__Work request__: Before printing, remove every picture; then print the lines below exactly, from the first line through the line containing "新華書店開設(shè)暖心驛".

Collected data entries
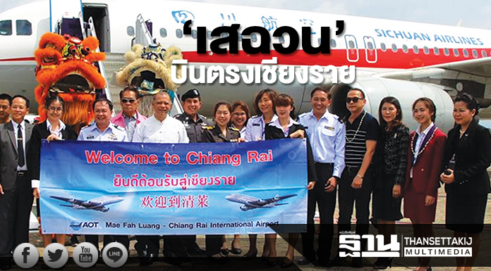 เชียงรายเนื้อหอม “เสฉวน แอร์ไลน์” ขนคนจีนเที่ยวไทย เปิดบินตรง เฉินตู-เชียงราย สัปดาห์ละ 3 วัน เผยปี 2560 รับนักท่องเที่ยว 2.7 ล้านคน เงินสะพัด 3 หมื่นล้าน
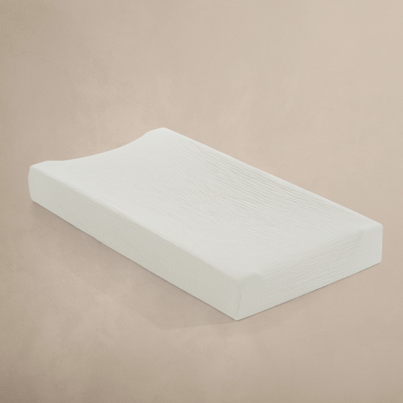 Keep your diaper changing station sanitary and chic.Our luxurious muslin, 'Eggshell' creme changing pad cover, is crafted from organically grown premium 4-way cotton muslin, woven with the utmost care using the finest yarn. This results in a wonderfully te
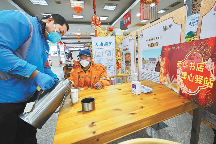 新華書店開設(shè)暖心驛站,為環(huán)衛(wèi)工人、快遞小哥等免費(fèi)提供熱水和休息場(chǎng)所。本報(bào)記者 程功攝
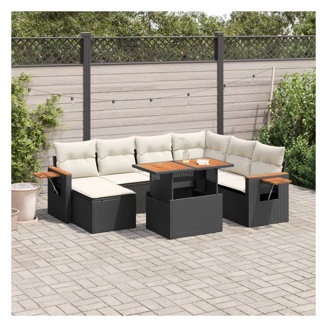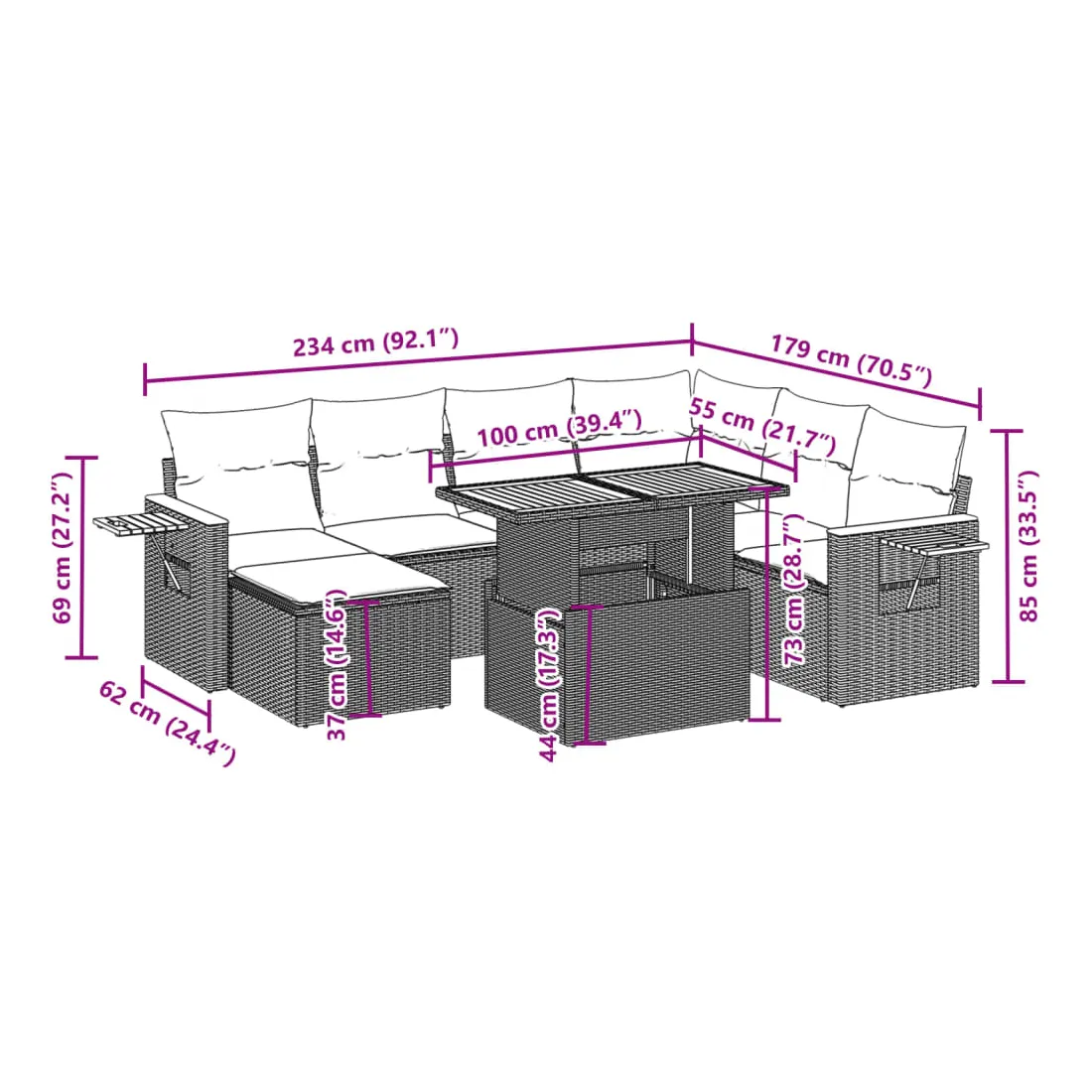 Cet ensemble de canapés de jardin est le complément parfait de votre arrière-cour, terrasse ou patio, offrant un espace confortable et accueillant pour discuter avec la famille et les amis ou simplement se détendre et profiter de l'extérieur. Matériau durable : la résine tressée, également connue sous le nom de poly rotin, est un matériau synthétique solide et nécessitant peu d'entretien qui ressemble au rotin naturel. Il est léger, facile à nettoyer et couramment utilisé pour les meubles d'extérieur en raison de sa durabilité et de ses propriétés de résistance aux intempéries.Dessus de table réglable : le dessus de table peut être soulevé pour rendre la table plus haute, ce qui transforme la table d'extérieur d'une table basse à une table de salle à manger. Elle est parfaite pour recevoir des invités ou prendre des repas à l'extérieur.Table d'appoint pratique : ce mobilier d'extérieur comprend une table d'appoint pliable avec un ressort à gaz sur les accoudoirs, offrant un endroit pratique pour garder vos essentiels à portée de main.Housse amovible et lavable : ces coussins de siège sont dotés de housses amovibles pour un lavage et un entretien faciles.Conception modulaire : cet ensemble de meubles d'extérieur a une conception modulaire, ce qui le rend complètement flexible et facile à déplacer, afin que vous puissiez créer un agencement de meubles d'extérieur personnalisé. Bon à savoir :Pour que vos meubles d'extérieur restent beaux, nous vous recommandons de les protéger avec une housse imperméable.
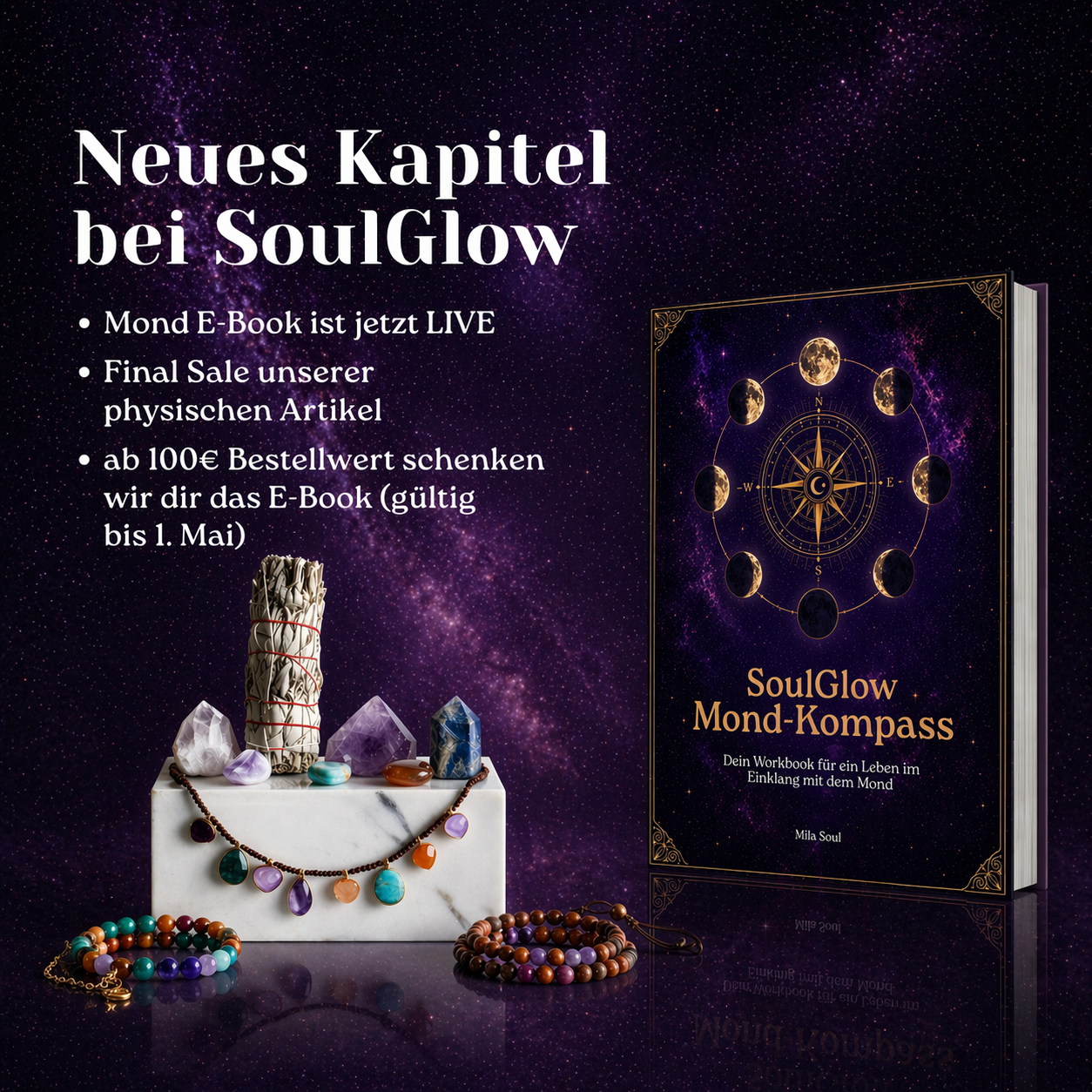 Ab 100€ Bestellwert im Shop bekommst du das Mond E-Book automatisch GESCHENKT. Es kommt innerhalb von 24 Stunden per E-Mail zu dir. Diese Aktion gilt nur bis zum 01.05.26 (kommender Vollmond) als Jubiläumsgeschenk.
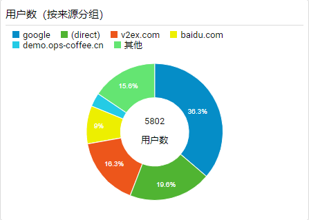 由于Github拒绝百度爬虫(这也是为什么在百度里搜索不到Github仓库的原因),且网站没有备案,所以针对百度的SEO优化就直接放弃了,把精力放在了Google搜索上,下图是当前访问网站的用户来源饼图,可以看出优化的效果
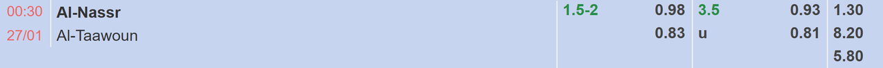 Thật không may khi Al Taawon phải đụng độ Al Nassr Riyadh vào thời điểm họ không có được trạng thái tốt nhất. Vì đoàn quân của HLV Pericles Chamusca chắc hẳn chưa thể quên được thất bại nặng nề trong trận lượt đi với cách biệt 5 bàn không gỡ. Rõ ràng với 3/5 trận không thắng gần đây của Al Taawon, cơ hội để họ tạo ra bất ngờ trên sân khách không nhiều dù phong độ của thầy trò Pericles Chamusca rất ấn tượng dù có phải thi đấu xa nhà. Tỷ lệ chấp được nhà cái bố trí lên tới 1.75 FT nghiêng về phía Al Nassr Riyadh nhưng do đã thắng đậm vào cuộc gặp gỡ trước đó, chọn Ronaldo và các đồng đội mới là quyết định đúng đắn.
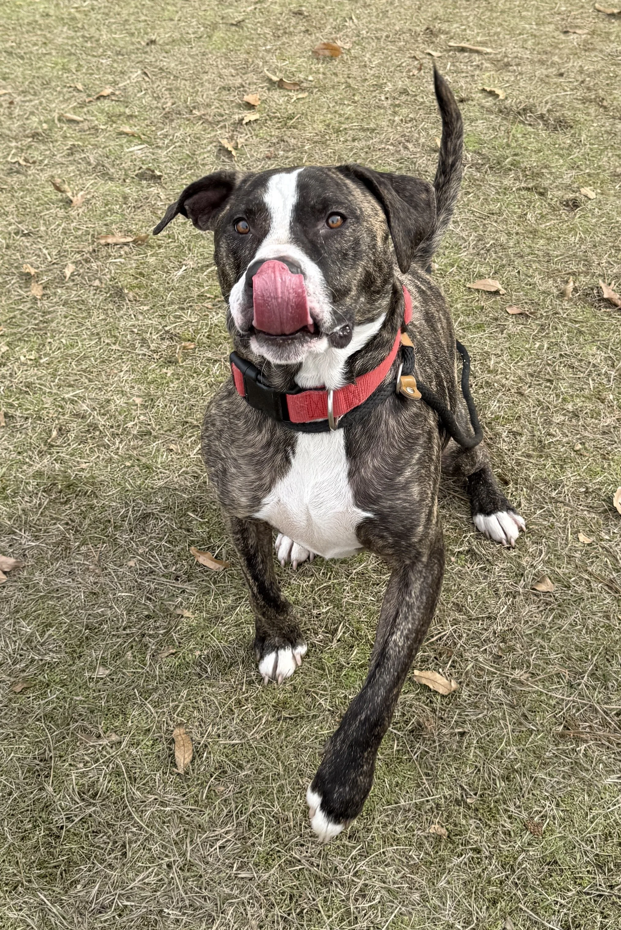 This big boy was never taught manners like walking on a leash, not barreling out of the door as soon as it opened and stay. This past summer, Kenny saw a couple of dogs being walked by their owner and as these things tend to happen, his owner was walking out the front door at that same moment. His excitement got the best of him and Kenny ran straight to those 2 smaller dogs.

__Finished task__:
 เชียงรายเนื้อหอม “เสฉวน แอร์ไลน์” ขนคนจีนเที่ยวไทย เปิดบินตรง เฉินตู-เชียงราย สัปดาห์ละ 3 วัน เผยปี 2560 รับนักท่องเที่ยว 2.7 ล้านคน เงินสะพัด 3 หมื่นล้าน
 Keep your diaper changing station sanitary and chic.Our luxurious muslin, 'Eggshell' creme changing pad cover, is crafted from organically grown premium 4-way cotton muslin, woven with the utmost care using the finest yarn. This results in a wonderfully te
 新華書店開設(shè)暖心驛站,為環(huán)衛(wèi)工人、快遞小哥等免費(fèi)提供熱水和休息場(chǎng)所。本報(bào)記者 程功攝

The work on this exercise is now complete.